Chambliss and Isakson also refused to return blue slips for attorney
Natasha Perdew Silas, a public defender whom the president had nominated
along with U.S. Magistrate Judge Linda Walker as part of an earlier
package deal to fill two vacancies on Northern Georgia's District Court.
The nominations of the two women, both African-Americans, were
withdrawn by the president at the end of 2011.
The president
announced the newest nominations despite concerns that Scott and
Georgia's other four Democratic congressmen had raised in a letter to
the White House last September and in a subsequent meeting with White
House counsel Kathryn Ruemmler. At that meeting, Scott told the Daily
Report on Monday, the congressmen were informed that "the deed was
done."
Scott said Monday that he expects Lewis, to whom the
president awarded the Presidential Medal of Freedom in 2011, will join
him in testifying at the confirmation hearings along with the Rev. C.T.

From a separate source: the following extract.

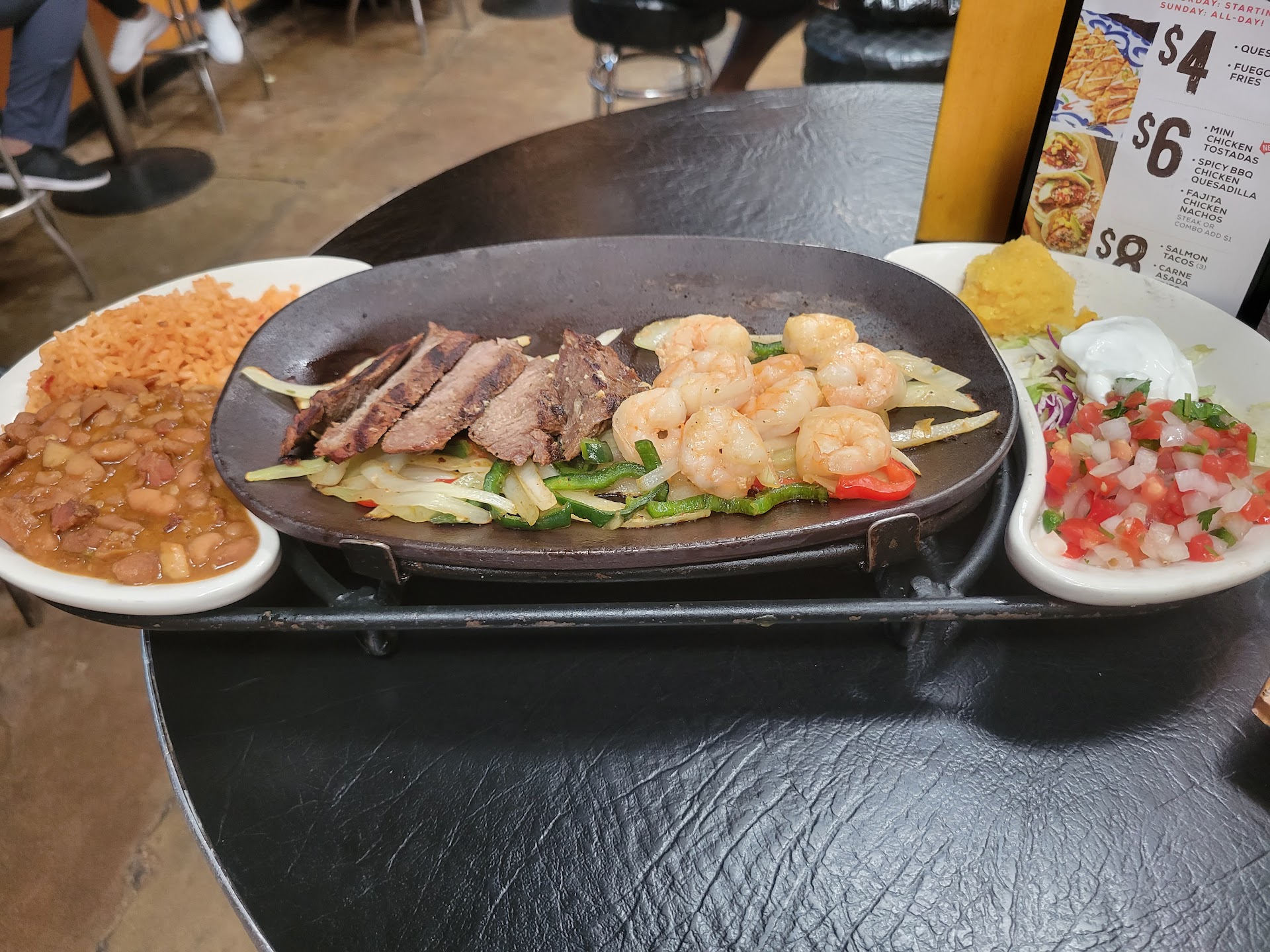 I called the manager 3 times with 3 different servers and finally the manager showed up with a smell of weed, I kindly explained what happened with all the mistakes and I told him that my wife and I were waiting for our food and he told me that he will make our food very special. We ordered fajitas with steak and shrimps, after 15 minutes waiting the food arrive with steak and pulled pork wow, this was too much for me and I called the manager again to ask him what’s happened and he told me that they don’t have enough people working and the server (the lady) is a new worker with no experience at all. The lady was in front of us and was just about to cry.
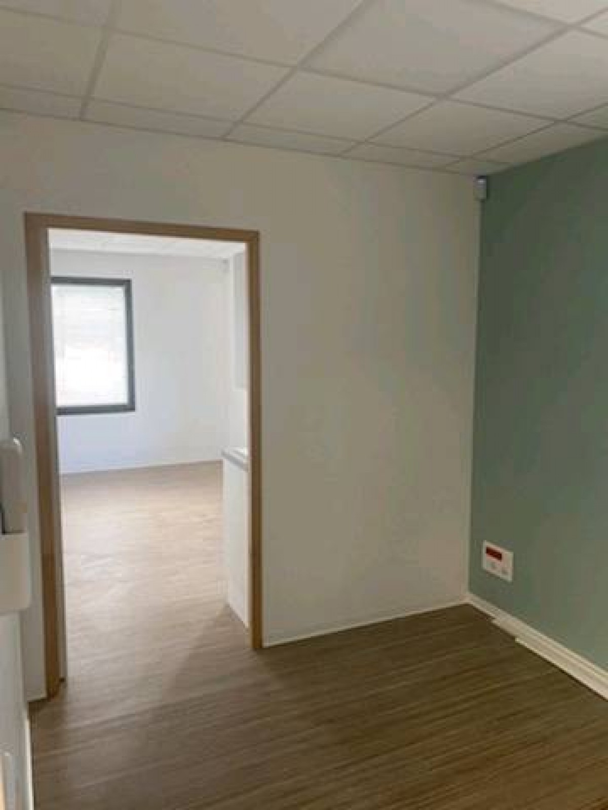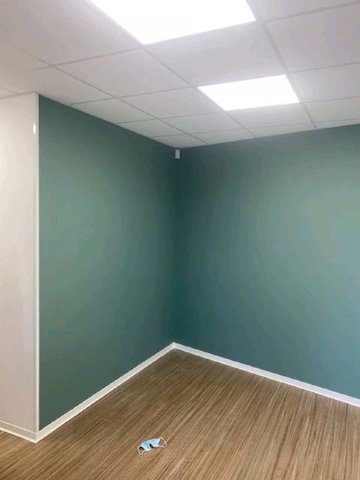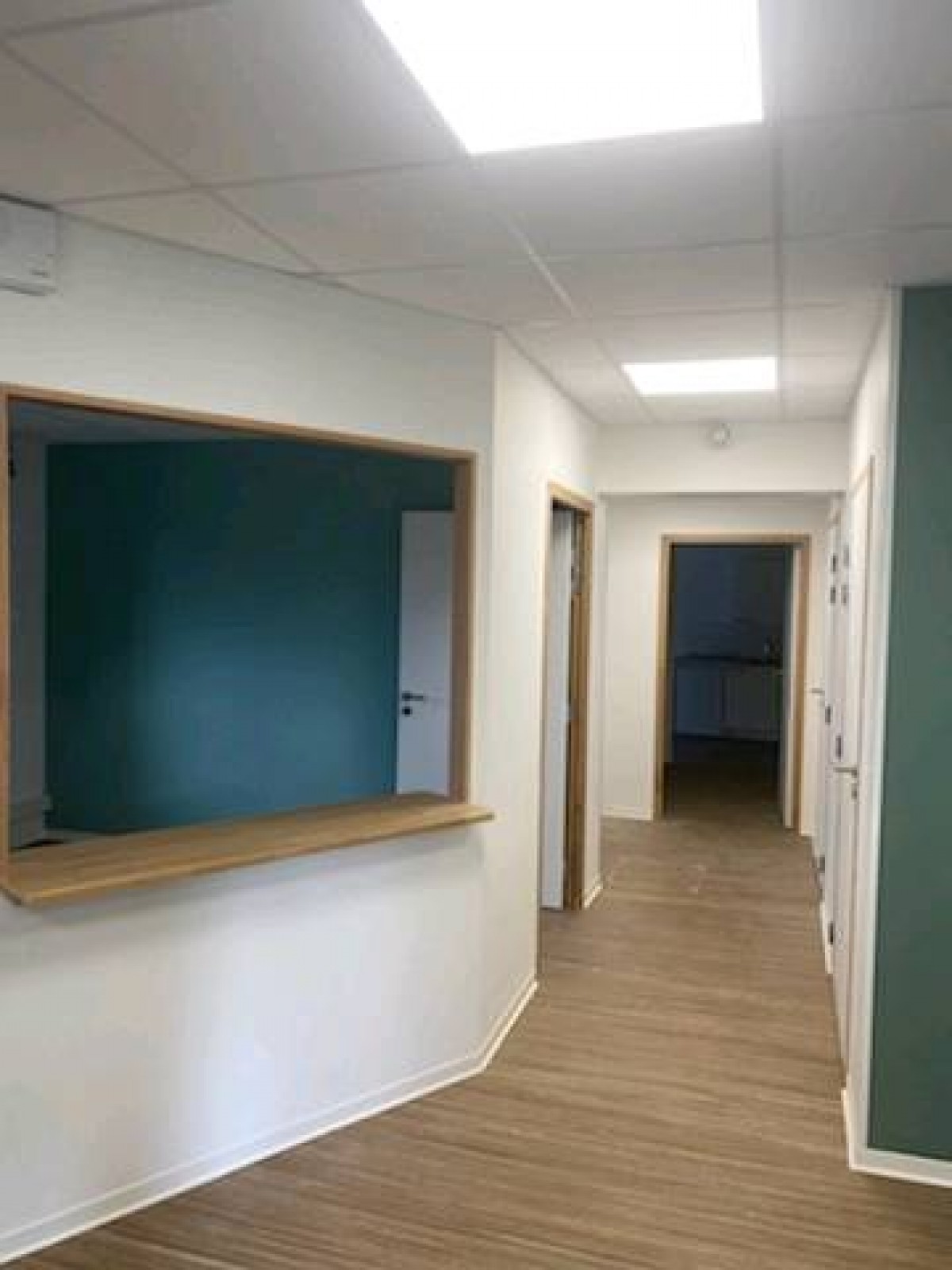 Travaux de peinture intérieur dans le cabinet médical à Rouen. Préparation des supports, lessivage rebouchage enduit sur placo neuf et les anciens murs. Application d'une couche d'impression et 2 couches finition velours. Pour les sols préparation du support nettoyage une couche fixateur application de deux passes de ragréage, ponçage, fourniture et pose de Marmoleum avec cordon de soudure, pose de plinthe en PVC semi-rigide.

Vivian and the Rev. Joseph Lowery, whom the president also has presented
with the freedom medal for their civil rights work.
Scott said
that if Leahy grants him permission to testify, he intends to talk about
Boggs' voting record as a former Democratic state legislator from
Waycross. Scott singled out Boggs' 2001 vote not to change the state's
flag, which then was embedded with the Confederate battle emblem.
He also pointed to the former legislator's votes authorizing a
constitutional amendment to ban same-sex marriage in Georgia; his
cosponsorship of legislation requiring parental notification before
young women could obtain an abortion; and his support of special "Choose
Life" auto tags.
The congressman also took issue with Cohen's
defense of the state's voter photo ID law as a special assistant state
attorney general, calling it a form of voter suppression. Cohen, a
former assistant attorney general and former counsel to Democratic Gov.

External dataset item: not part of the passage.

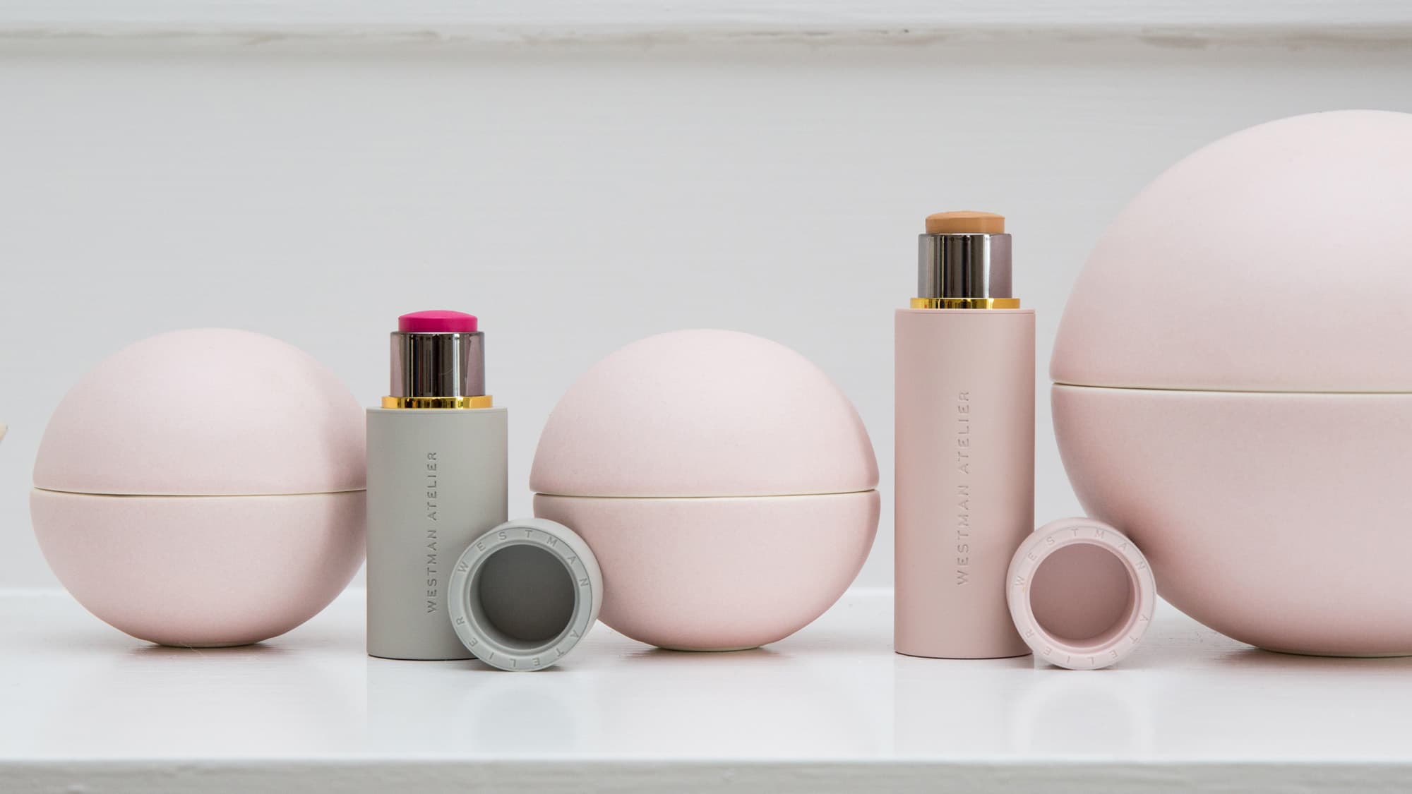 , launched at Barneys last week, mostly consisting of stick cream formulas (the format of foundation with which she first learned to do makeup): 11 foundation shades with more to come, four blushes that you can also use on your lips, one white highlighter, and one tan contour color. The last two products are in compacts: a powder bronzer marked with the Westman Atelier logo, drawn by Westman herself, is the only non-cream product, and the Super Loaded Tinted Highlighter, which we bet will be the sold-out hero product as soon as people catch on.

Zell Miller, was hired to defend the law by the state's first black
attorney general, Thurbert Baker.
"These attitudes … are not
reflective of the population of Georgia," Scott insisted. "For the
president of the United States to put these people in these lifetime
positions is wrong. … This is a bad deal; a terrible, tragic mistake."

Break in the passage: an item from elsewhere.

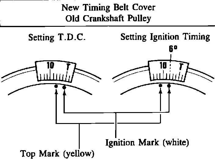 The timing mark on both the timing belt cover and crankshaft pulley has been changed as shown in the illustration below since the production date of October, 1983. The reason for this change is for common use of the parts with other models. Because of this change, the way to use the timing mark has also been changed.

Boggs and Cohen have not responded to the criticism, the standard
protocol required by the White House for judicial nominees. They could
not be reached for comment on Monday.
Scott said that since the
president "capitulated" to the state's Republican senators, he is
turning to the Senate Judiciary Committee for help in short-circuiting
at least some of the nominations while protesting a deal in which the
state's Democratic congressional delegation "had no say and on top of
that were shut out."
"Sometimes it's better to have these
positions vacant than to put people in with prejudiced opinions against
African-Americans, against gay people, against women's reproductive
rights," Scott said. "These attitudes are not reflective of the
population of Georgia."
"We cannot allow, to sit on the courts
for life, people who believe in the Confederate flag in this day and
time" with the hatred and bigotry it has come to symbolize, he added.
"It can't stand. Georgia is better than that."